20. To our knowledge, other than as described in the Prospectuses, there
are no persons with registration rights or other similar rights to
have any securities registered pursuant to the Registration Statement
or otherwise registered by the Company under the 1933 Act (other than
rights which have been waived or satisfied).
21. The Company is not and immediately after receiving the proceeds
from the sale of the Company Shares, will not be an "investment
company" or an entity "controlled" by an "investment company" as such
terms are defined in the Investment Company Act of 1940, as amended.

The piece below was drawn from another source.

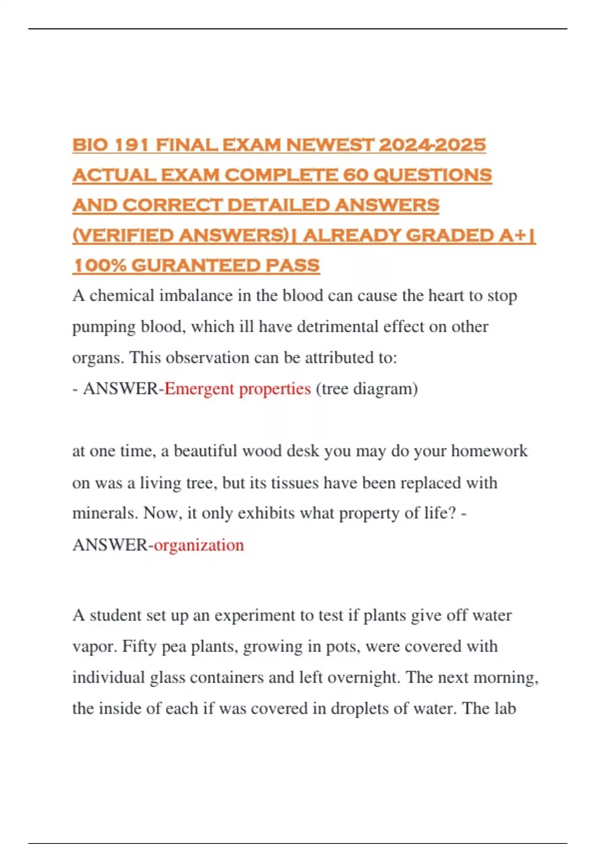 BIO 191 FINAL EXAM NEWEST ACTUAL EXAM COMPLETE 60 QUESTIONS AND CORRECT DETAILED ANSWERS (VERIFIED ANSWERS)| ALREADY GRADED A+| 100% GURANTEED PASS A chemical imbalance in the blood can cause the heart to stop pumping blood, which ill have detrimental effect on other organs. This observation can be attributed to: - ANSWER-Emergent properties (tree diagram) at one time, a beautiful wood desk you may do your homework on was a living tree, but its tissues have been replaced with minerals. Now, it only exhibits what property of life? - ANSWER-organization A student set up an experiment to test if plants give off water vapor. Fifty pea plants, growing in pots, were covered with individual glass containers and left overnight. The next morning, the inside of each if was covered in droplets of water. The lab student concluded that plants generally give off water vapor. What critique would you make of the experimental design? - ANSWER-There was no control so the water could have come other sources such as air in the jar or the soil An alien from another planet landed on earth. He is fascinated by cars and is determined to figure out how they work. He decides to disassemble one of them and examine each part independently. He removes one of the tires and proceeds to learn all he can about the tire. He then removes one of the headlights and proceeds to learn all he can about the headlight. What type of approach is this alien taking to learn about the car? - ANSWER-reductionism You have been assigned to analyze some extraterrestrial material recently collected from Mars. After examining a sample using a microscope you jump up excitedly and shout to your colleagues that you have confirmed the existence of life on Mars. One of your colleagues takes a look at your sample and remarks that all he sees is a single-celled "blob" with little internal structure. Assuming that life on Mars can be classified into similar domains and kingdoms as Earth, to which domain does your "blob" belong? - ANSWER-Archaea If two different species of fish fossils were found in two different layers of sedimentary rock, what might one infer about the specimens? - ANSWER-the species in lower layer died first
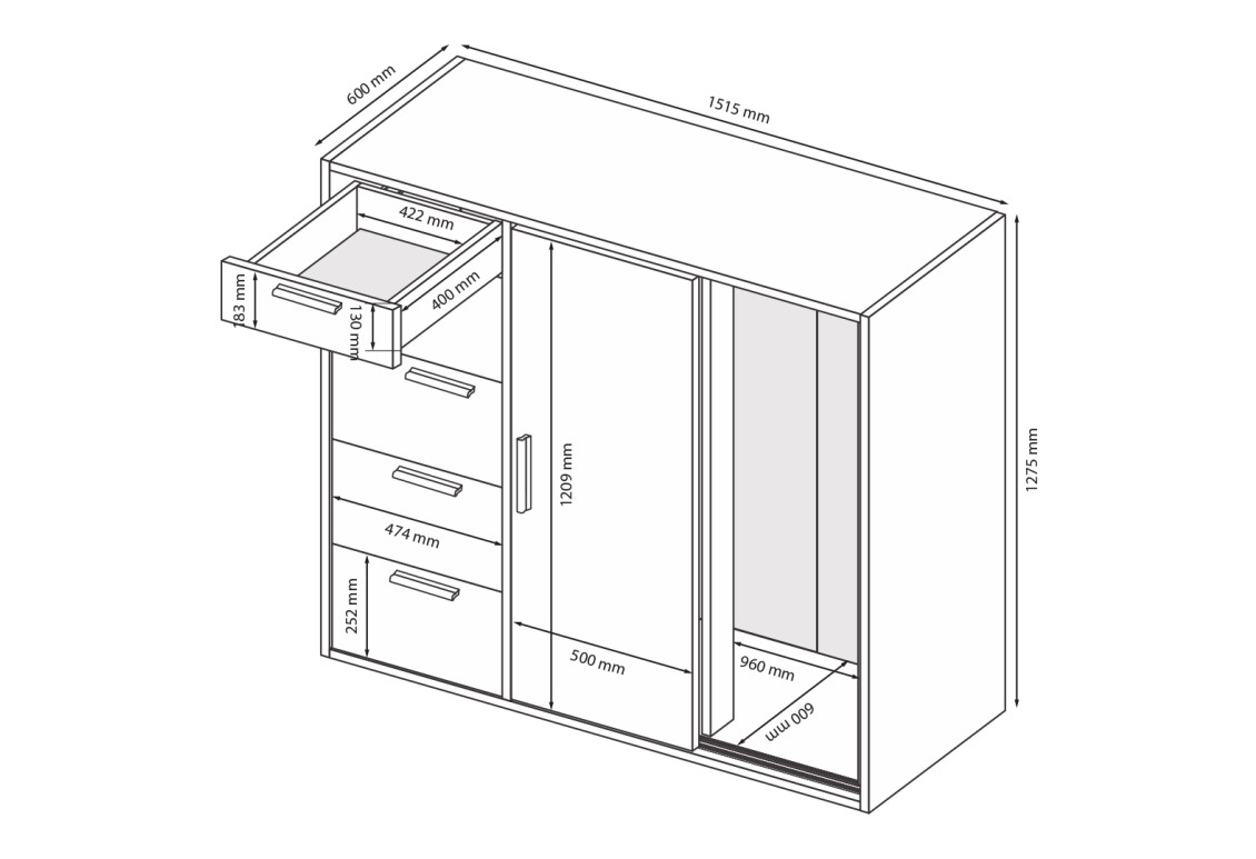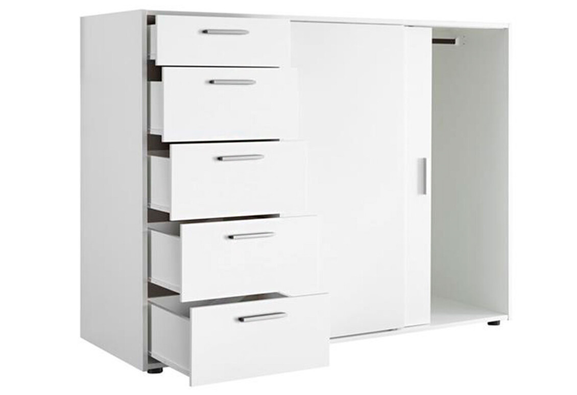 - Тип комоду: з 5 шухлядами, з дверцятами, зі штангою для вішаків – дозволяє зручно організувати зберігання речей.

22. Each Selling Shareholder is the sole registered owner of the
Securities to be sold by it pursuant to the U.S. Purchase Agreement
and the International Purchase Agreement.
A-1-5
Exhibit A-2
Because the primary purpose of our professional engagement was not to
establish or confirm factual matters or financial or accounting matters and
because of the wholly or partially non-legal character of many of the statements
contained in the Registration Statement or the Prospectuses, we are not passing
upon and do not assume any responsibility for the accuracy, completeness or
fairness of the statements contained in the Registration Statement or the
Prospectuses and we make no representation that we have independently verified
the accuracy, completeness or fairness of such statements. Without limiting the
foregoing, we assume no responsibility for, and have not independently verified,
the accuracy, completeness or fairness of the financial statements and the notes
thereto and the schedules and other financial data included in the Registration
Statement and we have not examined the accounting or financial records from
which such financial statements, notes, schedules and data are derived.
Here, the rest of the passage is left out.